The data –
━━━━━━━━━━━━━━━━━━━━━━━━━━━━━━

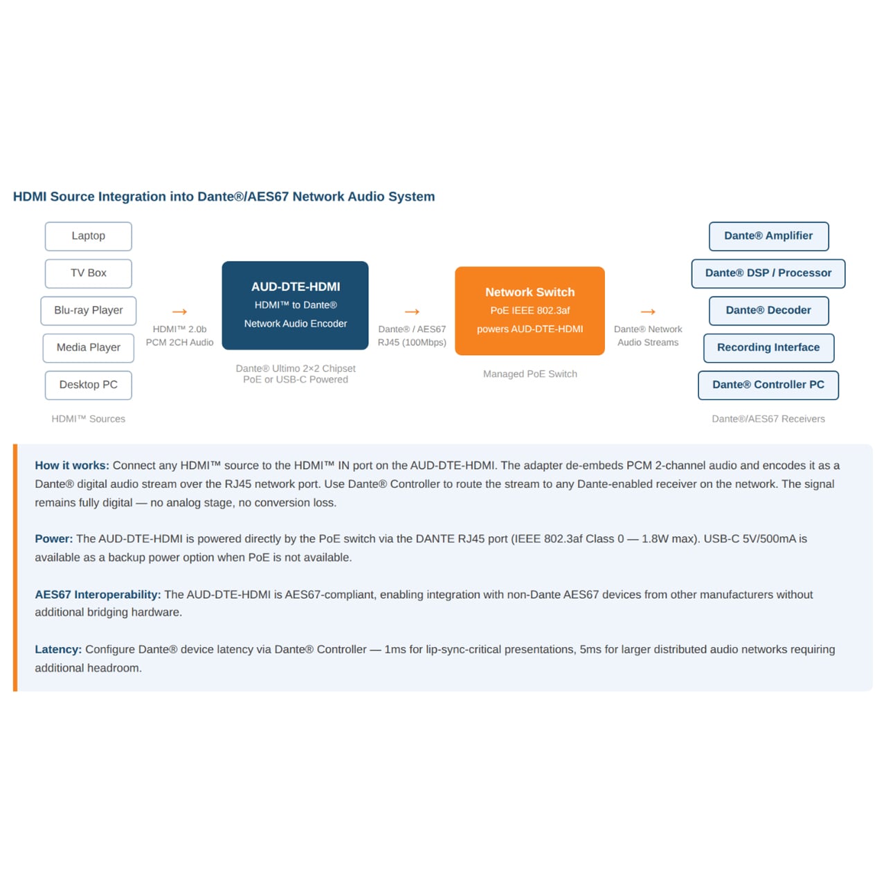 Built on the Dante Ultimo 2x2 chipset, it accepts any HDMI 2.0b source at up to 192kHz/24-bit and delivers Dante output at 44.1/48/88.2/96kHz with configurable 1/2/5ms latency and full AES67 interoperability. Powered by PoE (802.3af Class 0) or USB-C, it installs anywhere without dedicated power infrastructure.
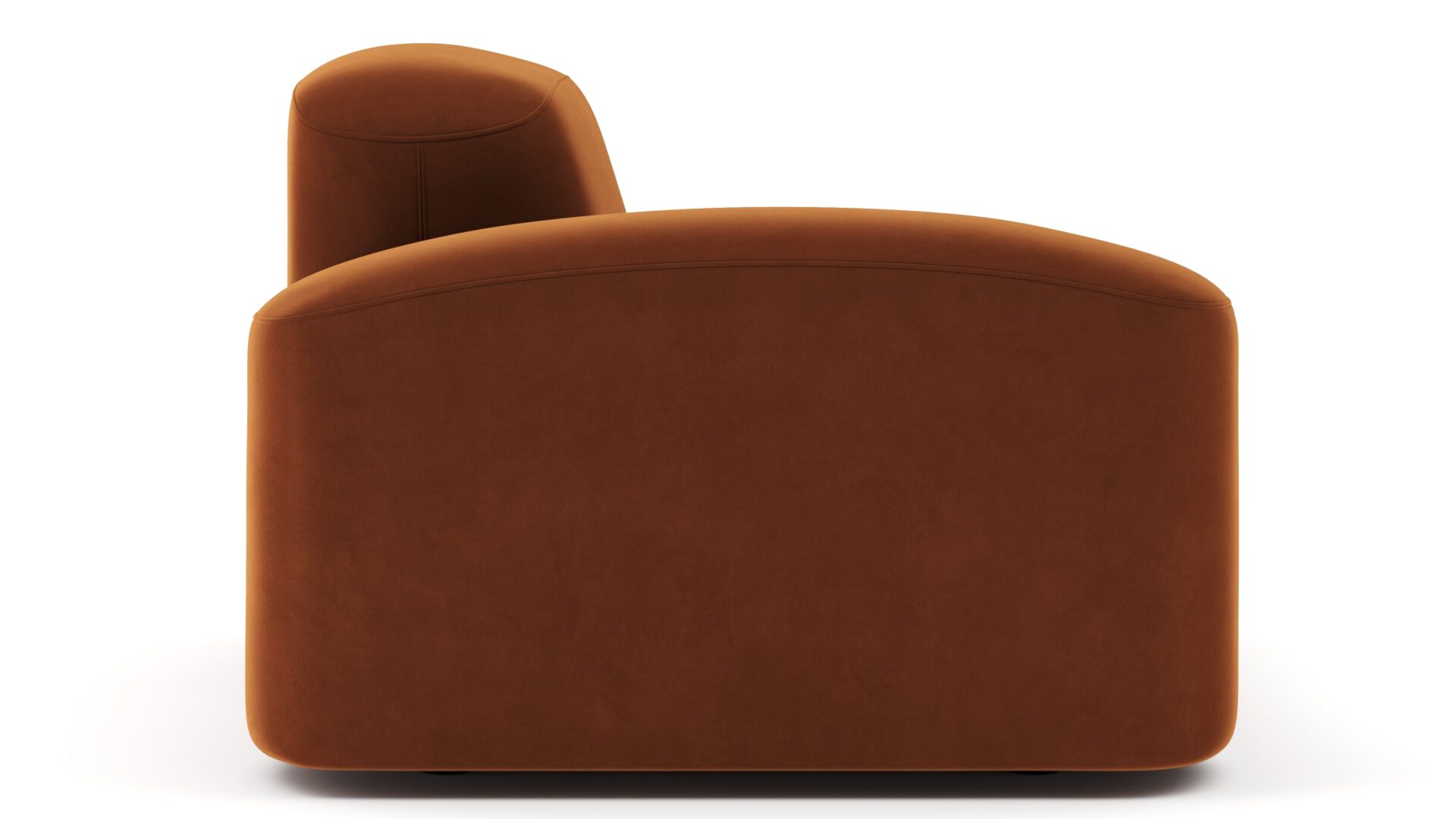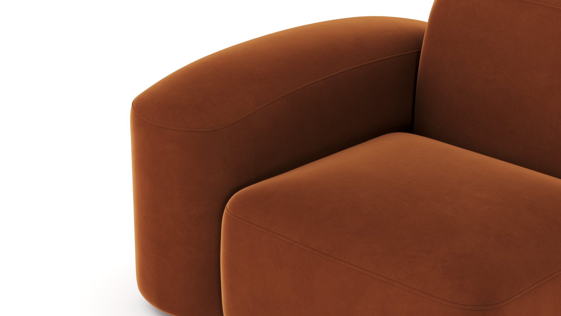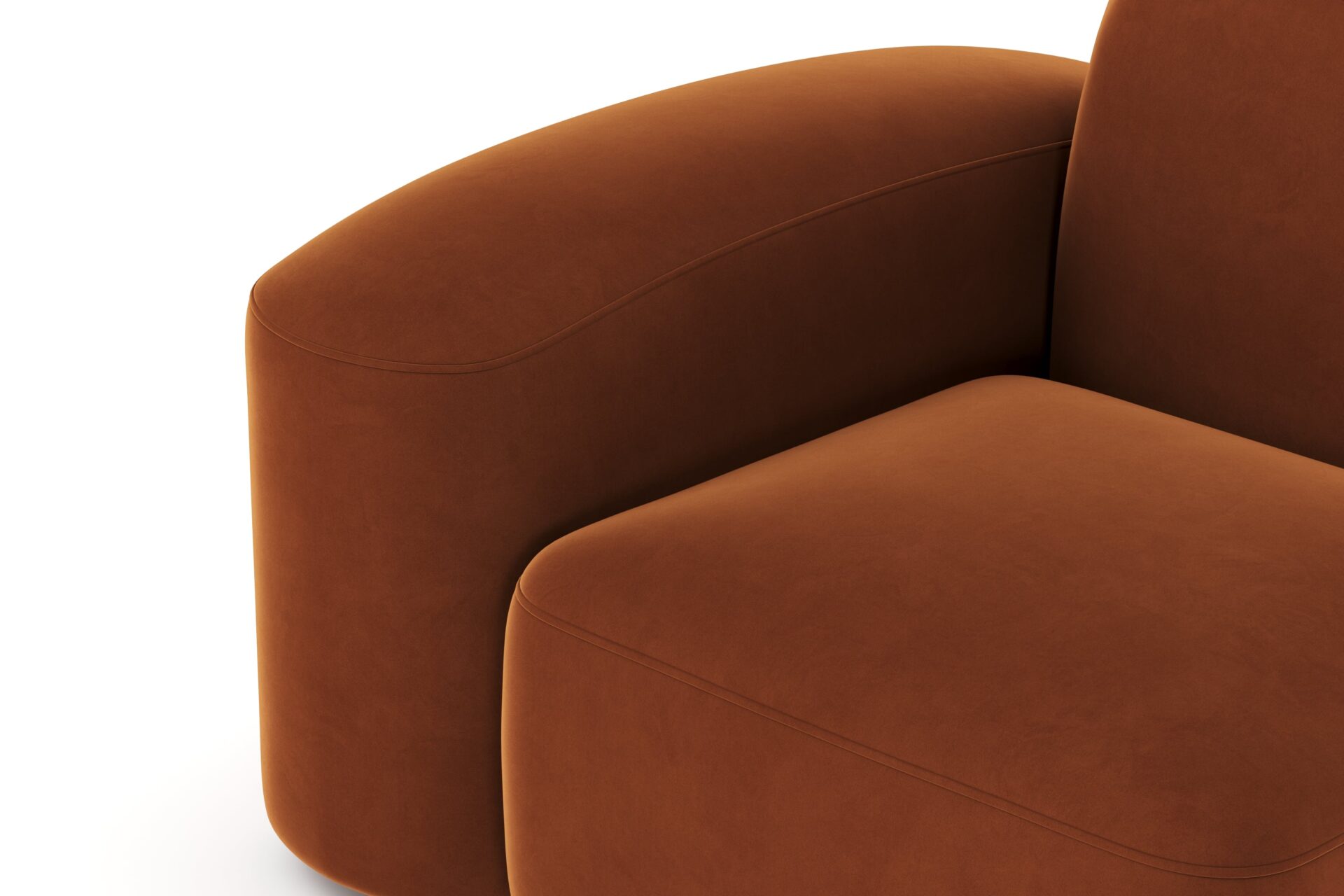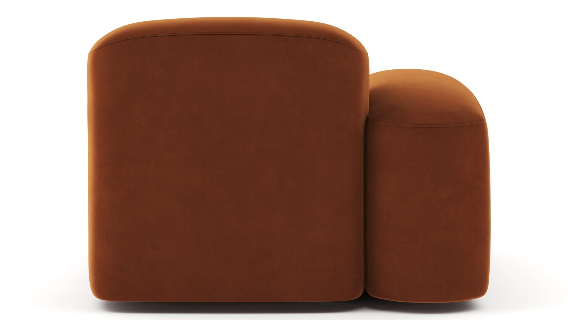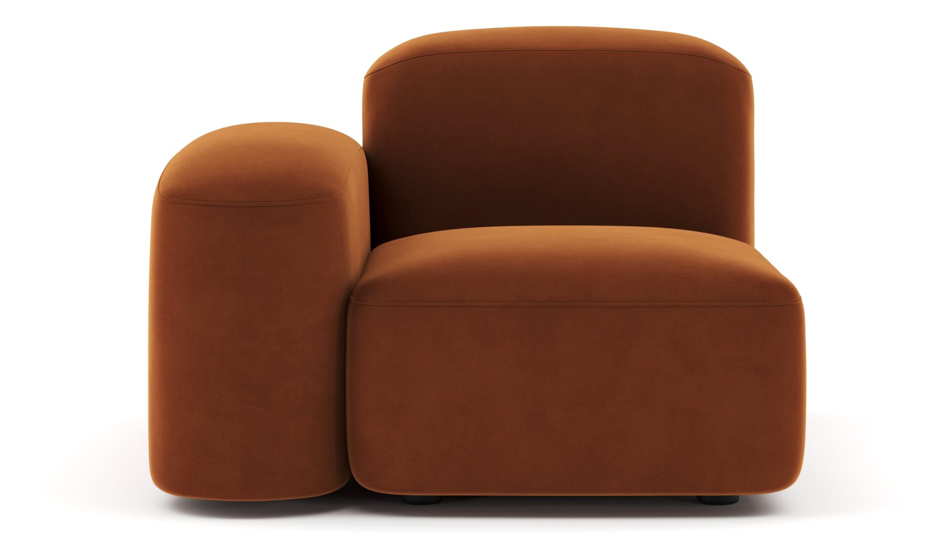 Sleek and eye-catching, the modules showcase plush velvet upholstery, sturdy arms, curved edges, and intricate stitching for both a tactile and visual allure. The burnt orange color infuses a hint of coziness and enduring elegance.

━━━━━━━━━━━━━━━━━━━━━━━━━━━━━━

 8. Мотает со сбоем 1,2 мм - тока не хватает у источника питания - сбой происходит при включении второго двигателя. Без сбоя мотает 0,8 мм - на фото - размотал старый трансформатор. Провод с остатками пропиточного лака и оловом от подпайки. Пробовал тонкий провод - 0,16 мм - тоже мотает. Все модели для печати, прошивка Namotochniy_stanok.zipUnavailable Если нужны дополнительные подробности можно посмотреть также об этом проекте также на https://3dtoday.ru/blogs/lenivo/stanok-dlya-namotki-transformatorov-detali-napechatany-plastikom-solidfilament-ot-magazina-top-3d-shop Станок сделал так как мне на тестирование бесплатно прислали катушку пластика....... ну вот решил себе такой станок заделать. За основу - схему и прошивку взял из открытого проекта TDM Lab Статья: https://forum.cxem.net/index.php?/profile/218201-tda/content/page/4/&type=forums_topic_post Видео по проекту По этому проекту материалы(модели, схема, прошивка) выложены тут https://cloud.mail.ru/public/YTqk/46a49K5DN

━━━━━━━━━━━━━━━━━━━━━━━━━━━━━━

Work to be completed –
Everything from the line with "Built on the" down to the line with "Sleek and eye-catching, the" in the data above should be copied exactly, with both end lines kept and the pictures left out.

The answer –
 Built on the Dante Ultimo 2x2 chipset, it accepts any HDMI 2.0b source at up to 192kHz/24-bit and delivers Dante output at 44.1/48/88.2/96kHz with configurable 1/2/5ms latency and full AES67 interoperability. Powered by PoE (802.3af Class 0) or USB-C, it installs anywhere without dedicated power infrastructure.
 Sleek and eye-catching, the modules showcase plush velvet upholstery, sturdy arms, curved edges, and intricate stitching for both a tactile and visual allure. The burnt orange color infuses a hint of coziness and enduring elegance.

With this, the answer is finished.